# GIVEN RECORDS

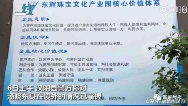 汤晓东究竟做了什么?2019年1月,汉阴县人民政府曾回复网上信访称:2018年10月4日,县公安局陆续接到本县大规模群众报案,称汉阴县城关镇东辉珠宝玉器店向社会公众进行非法集资,警方在10月7日立案侦查,相继抓获东辉珠宝非法吸款案10名涉案骨干人员,查封东辉珠宝公司涉案人员房产6处,查封位于涧池镇工业园区的东辉珠宝产业园1处及汉阴辖区东辉珠宝玉器店2个;扣押珠宝玉石半成品4吨,翡翠原石14.67吨,翡翠饰品35箱,玉器等各类物品31包装箱,大摆件21件,吊坠等小饰品700余件,金银首饰及珠宝玉石1万余件,金条7根(共1291g),价值160余万元玉器一批,红木家具一组,红酒4箱,车辆10辆,白酒210件。仅仅是抓获了涉案的骨干人员,数字就已经如此触目惊心,而东辉珠宝创始人、本案的主要嫌疑人汤晓东却不见了踪影,7个月后,警方发布了高达百万的悬绳通告。
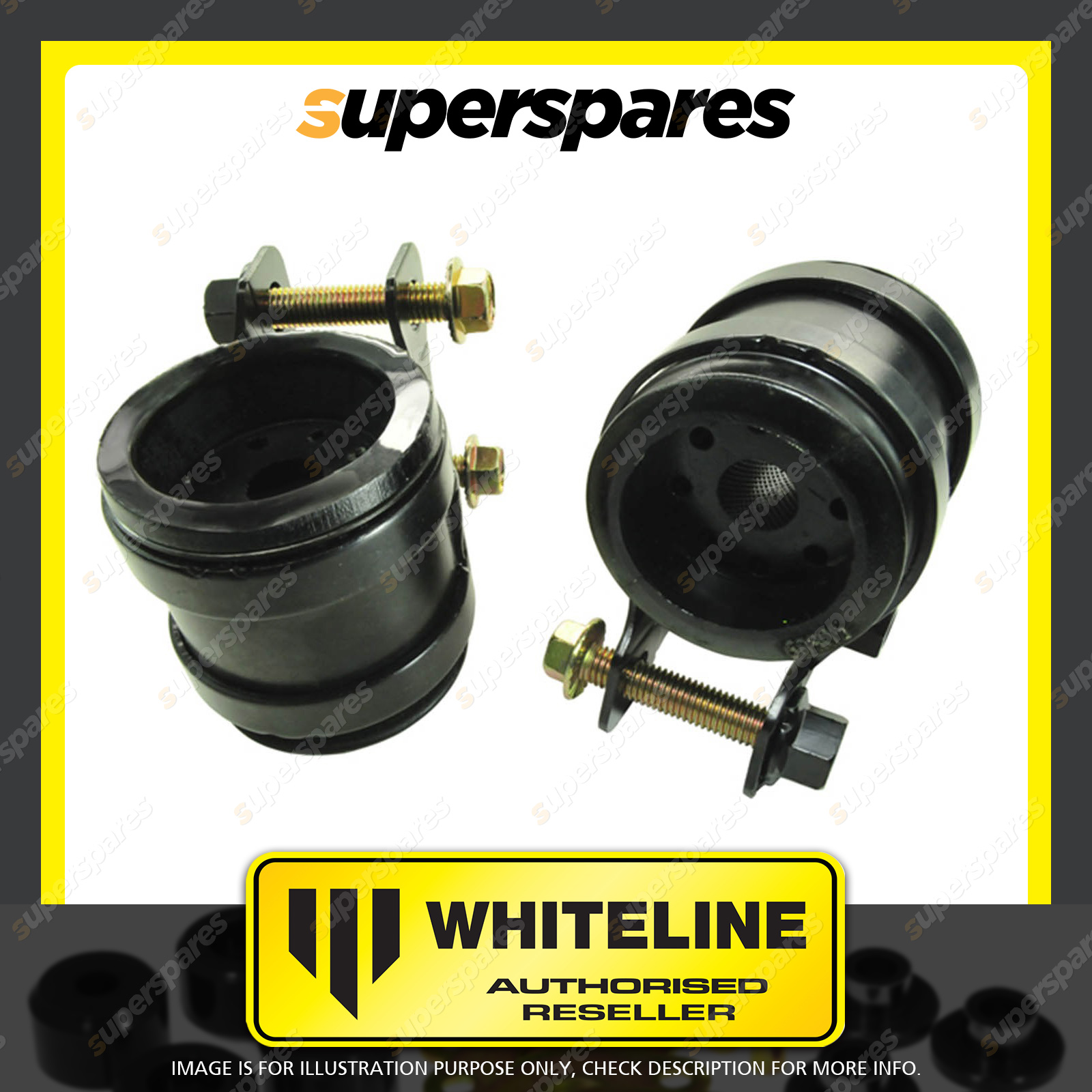 | Contents : Whiteline Front Control arm - lower inner Rear bushing Warranty : 3 Year / 60,000Kms Kit Contents : 2 Housings, 4 Bolts, 4 Nuts, Grease |
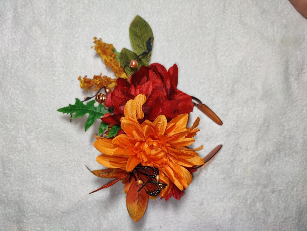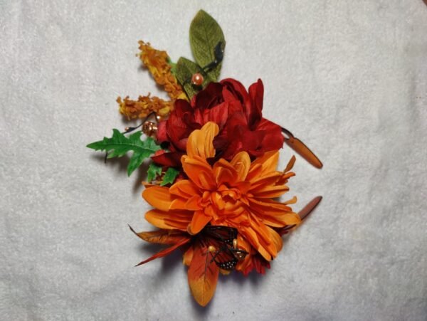 Side 1: 1 large orange mum, 1 large dark red rose, 1 dark red dahlia.
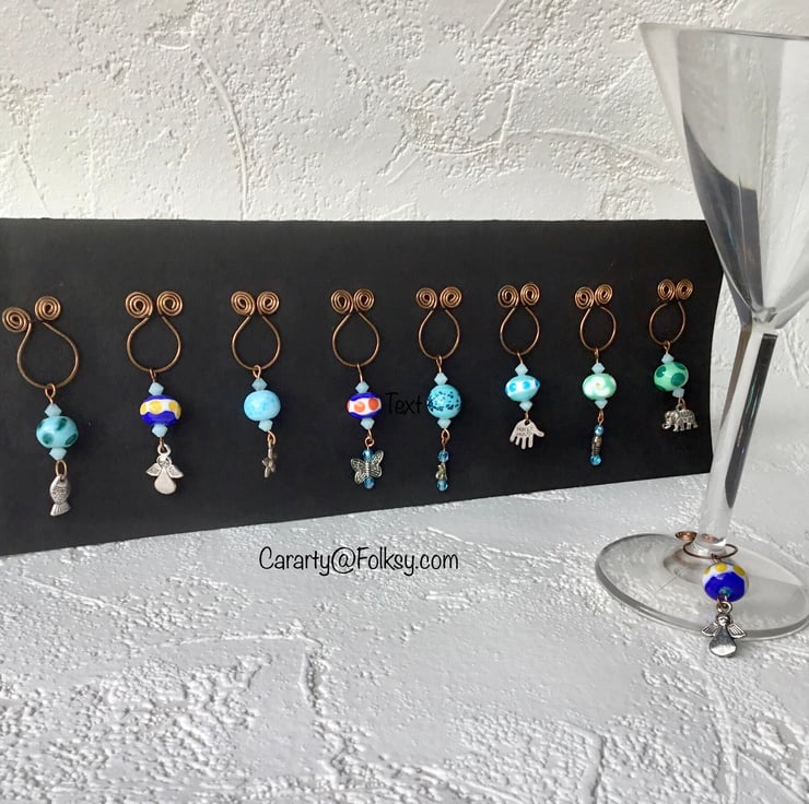Wine glass charms. Set of 8 individual wine glass charms. Make it easy for your guests to identify their own drink at parties and barbecues. Bronze spiralled ring holds a glass lampwork bead and a different Tibetan silver charm. Easy to pop on and off but dishwasher safe. The Charms are fish, angel, flower, bee, butterfly, dragonfly, hand made hand and elephant.
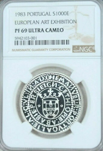 1983 ポルトガル シルバー 1000 エスクード アート展 NGC PF 69 ウルトラ カメオ トップ ポップ
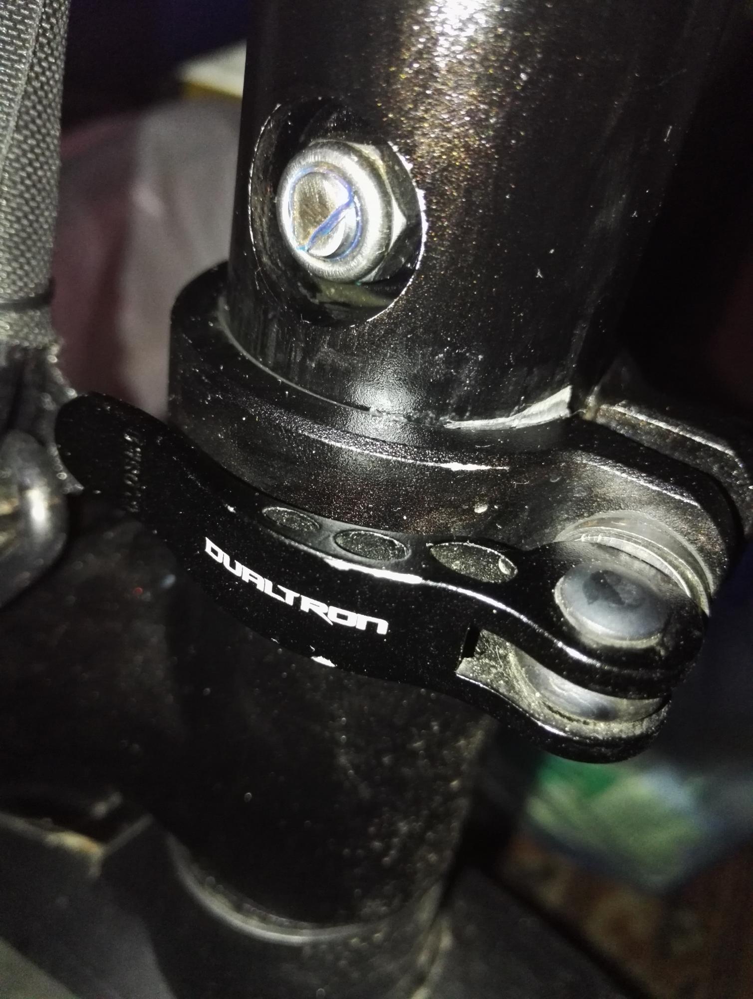 Складной механизм. Трется походу об трубу зажим. Когда попадает WD в виде смазки все пропадает. На сухую скрипит и трещит.
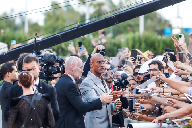 82nd Venice International Film Festival. Red carpet for the film The Smashing Machine. In the photo Dwayne Johnson signs autographs for fans . Venice, Italy 01 September 2025, Credit:Mirco Toniolo / Avalon
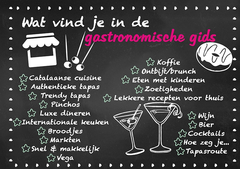 De Gastronomische Gids geeft je de beste en de meest lokale tips om een hapje te gaan eten of wat te drinken in Barcelona. De hotspots zijn ingedeeld op thema. Door middel van een navigatiesysteem kom je heel gemakkelijk bij het onderwerp naar keuze. In de gids (een PDF bestand van 100 pagina’s) worden tips in de volgende thema’s behandeld: Ontbijt & Brunch, Koffie, Dulces, Leuk & lekker voor kids, Broodjes, Snel & makkelijk, Authentieke tapas, Trendy tapas, Pinchos, Catalaanse cuisine, Markten, Bijzonder dineren, Internationale keuken, Luxe dineren, Vegetarisch & Veganistisch, Drankjes, Catalaanse bieren, Cava & wijnen, Tapasroute.
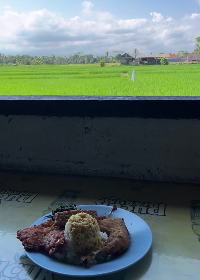 A plate of food rests on a table overlooking a verdant rice paddy
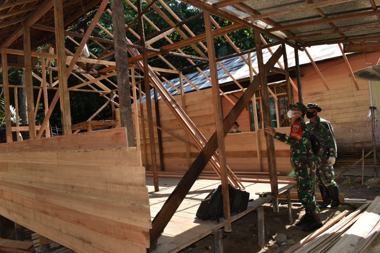 HULU SUNGAI TENGAH. Sejumlah sasaran TNI Manunggal Membangun Desa (TMMD) Ke-112 Kodim 1002/Hulu Sungai Tengah (HST) terus dikebut pengerjaannya, salah satunya Rumah Tidak Layak Huni (RTLH) milik Rusdi salah satu warga Desa Rantau Keminting, Kecamatan Labuan Amas Utara.Senin (20/09/2021).
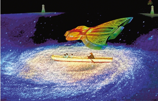 火炬熄灭后,独木舟漂过一片星河。 本报记者 董旭明 倪雁强 摄
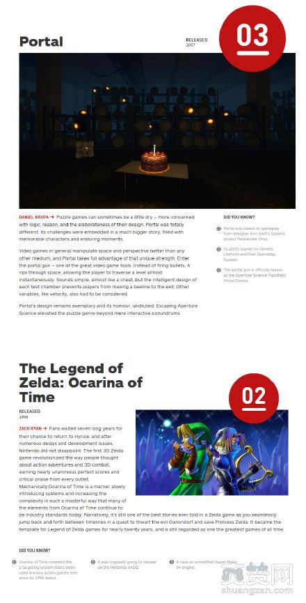 第3——1位:3《传送门》、2塞尔达传说《时之笛》、1《超级马里奥世界》
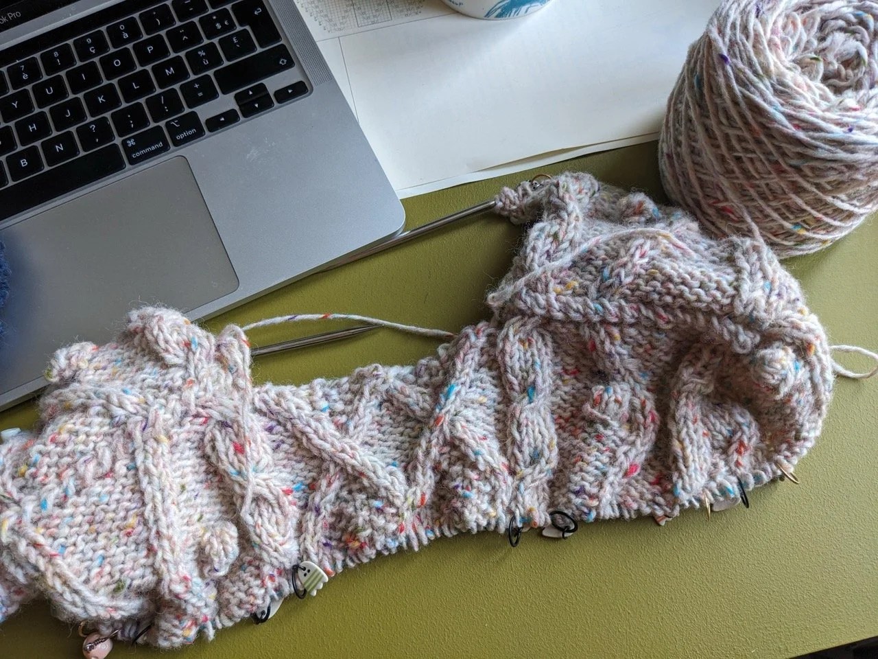 Le reste de la Pure Tweed est arrivée, j’ai repris ma veste à torsades, puis je l’ai recommencée pour changer un détail, j’en suis donc rendue à peu près au même point que la semaine dernière.
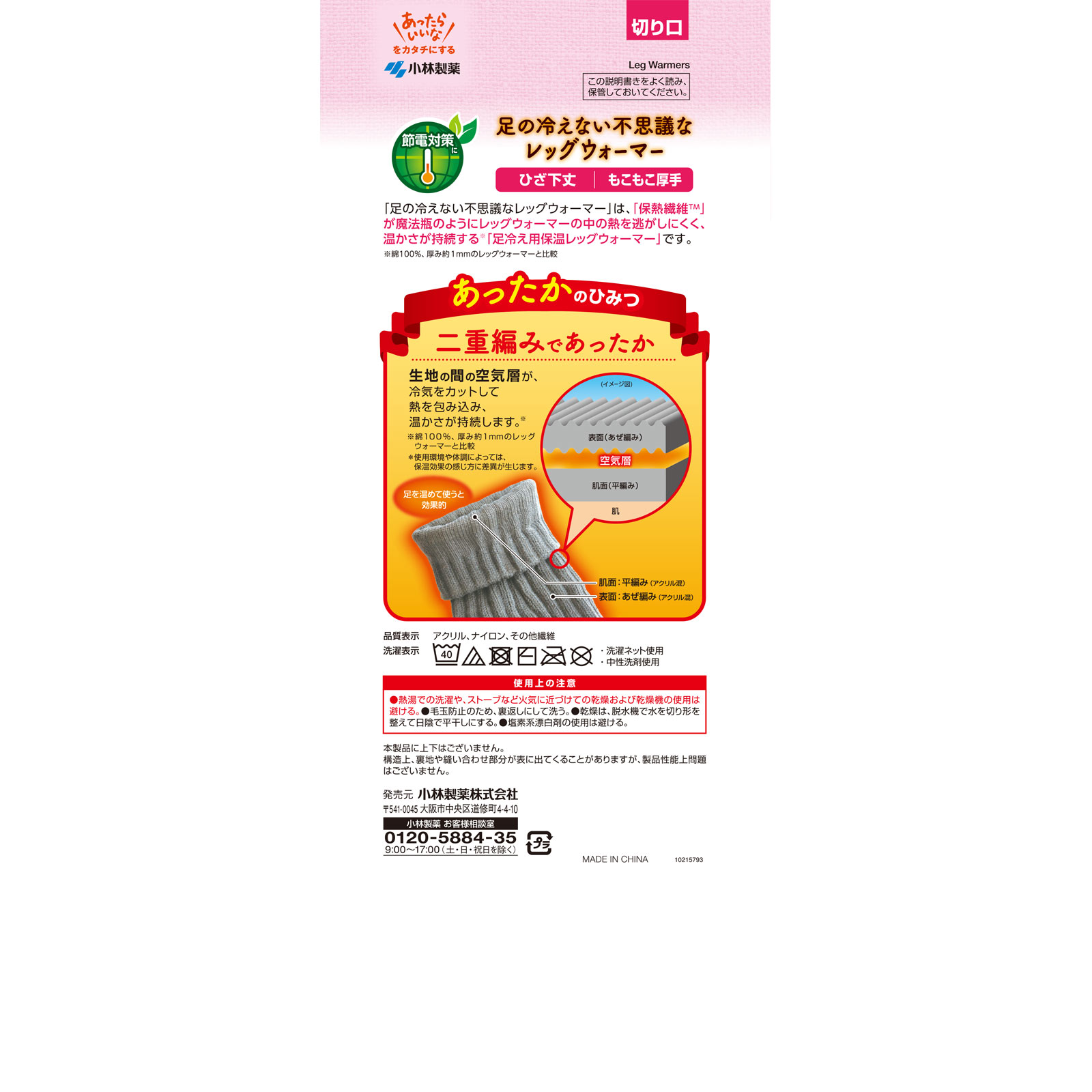 フリーサイズゆったり編みで締め付けない足あったか包み込む二重編み仕様厚手くつ下 スウェットの上に重ね履きできるふんわり保温層くつろぐ暖かさ節電対策に「足の冷えない不思議なレッグウォーマー」は、「保熱繊維」が魔法瓶のようにレッグウォーマーの中の熱を逃がしにくく、温かさが持続する※「足冷え用保温レッグウォーマー」です。※綿100%、厚み約1mmのレッグウォーマーと比較あったかのひみつ○二重編みであったか生地の間の空気層が、冷気をカットして熱を包み込み、温かさが持続します。※※綿100%、厚み約1mmのレッグウォーマーと比較*使用環境や体調によっては、保温効果の感じ方に差異が生じます。足を温めて使うと効果的肌面:平編み(アクリル混)表面:あぜ編み(アクリル混)
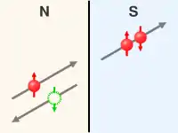 Електрон (червоний) налітає на границю між нормальним металом (N) і надпровідником (S), породжує куперівську пару у надпровіднику і повертає назад у нормальний метал дірку (зелена). Вертикальні стрілки позначають спіни частинок.
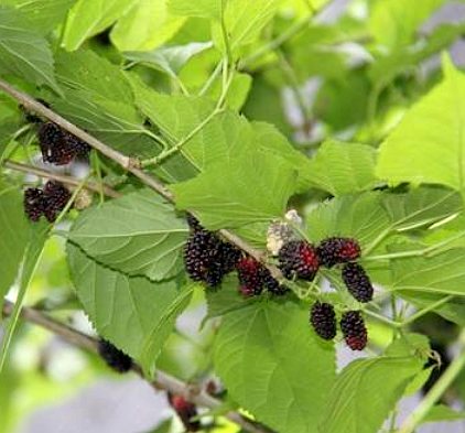 落叶灌木或小乔 木,高达15米。枝开 展,无毛;树皮褐灰 色,纵裂。单叶互生,卵圆形,长6〜15厘 米,宽4〜10厘米,先端急尖或渐尖,基部 截形或近心形,边缘 有祖锯齿,有时3〜5 裂,两面均有短毛;托 叶早落。穗状花序生 于新枝的叶腋,单性,雌雄异株;雄花被片 和雄蕊均为4枚,不 育雌蕊陀螺形;雌花 柱头2裂与花柱等 长,宿存。聚花果成熟时呈暗紫色。
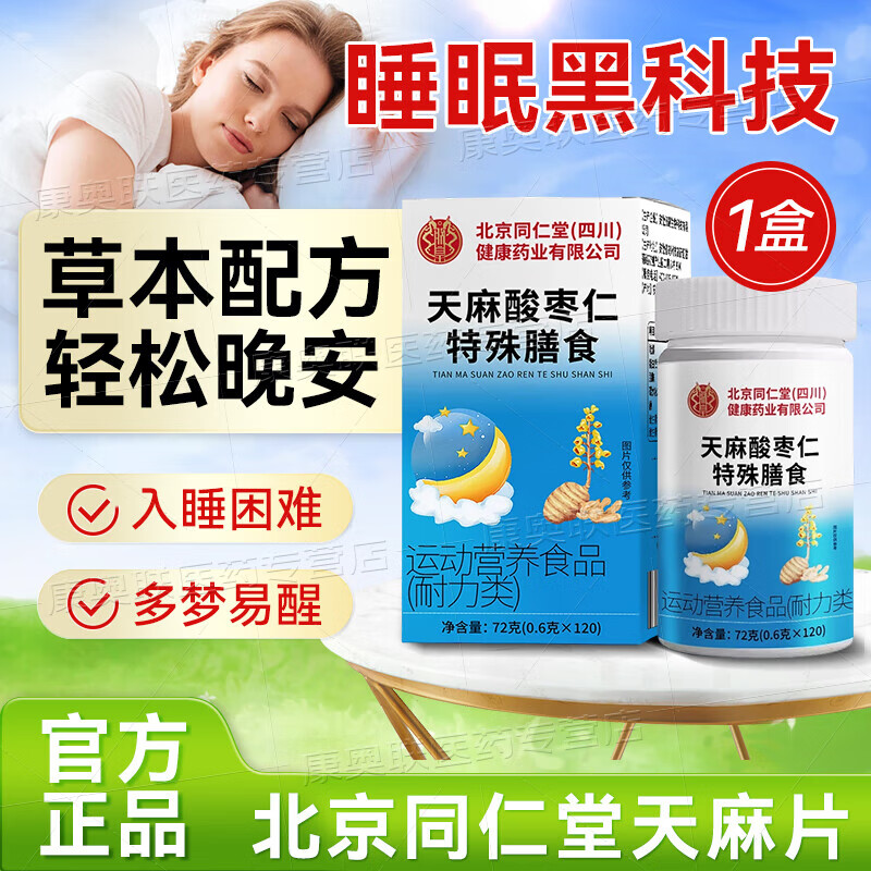 北京同仁堂天麻片睡眠天麻酸枣仁中老年官方正品可搭朗朗上口牌 1盒【买2贈1同款】
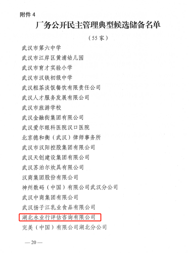 近日,武漢市總工會(huì)發(fā)布了關(guān)于2022-2024年度全市基層工會(huì)工作自查暨2024年全市企事業(yè)單位民主管理自查情況的通報(bào),對(duì)湖北永業(yè)行評(píng)估咨詢有限公司等55家廠務(wù)公開民主管理典型單位予以通報(bào)表?yè)P(yáng),并列入下一步向全總、省總推薦的廠務(wù)公開民主管理典型的候選單位。
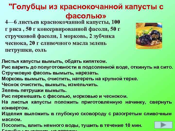 "Голубцы из краснокочанной капусты с фасолью» 4— 6 листьев краснокочанной капусты, 100 г риса , 50 г консервированной фасоли, 50 г стручковой фасоли, 1 морковь, 2 зубчика чеснока, 20 г сливочного масла зелень петрушки, соль Листья капусты вымыть, обдать кипятком. Рис варить до полуготовности в подсоленной воде, откинуть на сито. Стручковую фасоль вымыть, нарезать. Морковь вымыть, очистить, натереть на крупной терке. Чеснок очистить, вымыть, измельчить. Зелень петрушки вымыть. Рис перемешать с фасолью, морковью и чесноком. На листья капусты положить приготовленную начинку, свернуть конвертом. Изделия выложить в глубокую сковороду с разогретым сливочным маслом. Посолить, влить немного воды, тушить в течение 10 мин.

# WHAT IS BEING ASKED
Beginning with the line that contains "火炬熄灭后,独木舟漂过一片星河。 本报记者 董旭明 倪雁强 摄" and ending with the line that contains "第3——1位:3《传送门》、2塞尔达传说《时之笛》、1《超级马里奥世界》", reproduce the listing exactly, pictures excluded.

# ANSWER SECTION
 火炬熄灭后,独木舟漂过一片星河。 本报记者 董旭明 倪雁强 摄
 第3——1位:3《传送门》、2塞尔达传说《时之笛》、1《超级马里奥世界》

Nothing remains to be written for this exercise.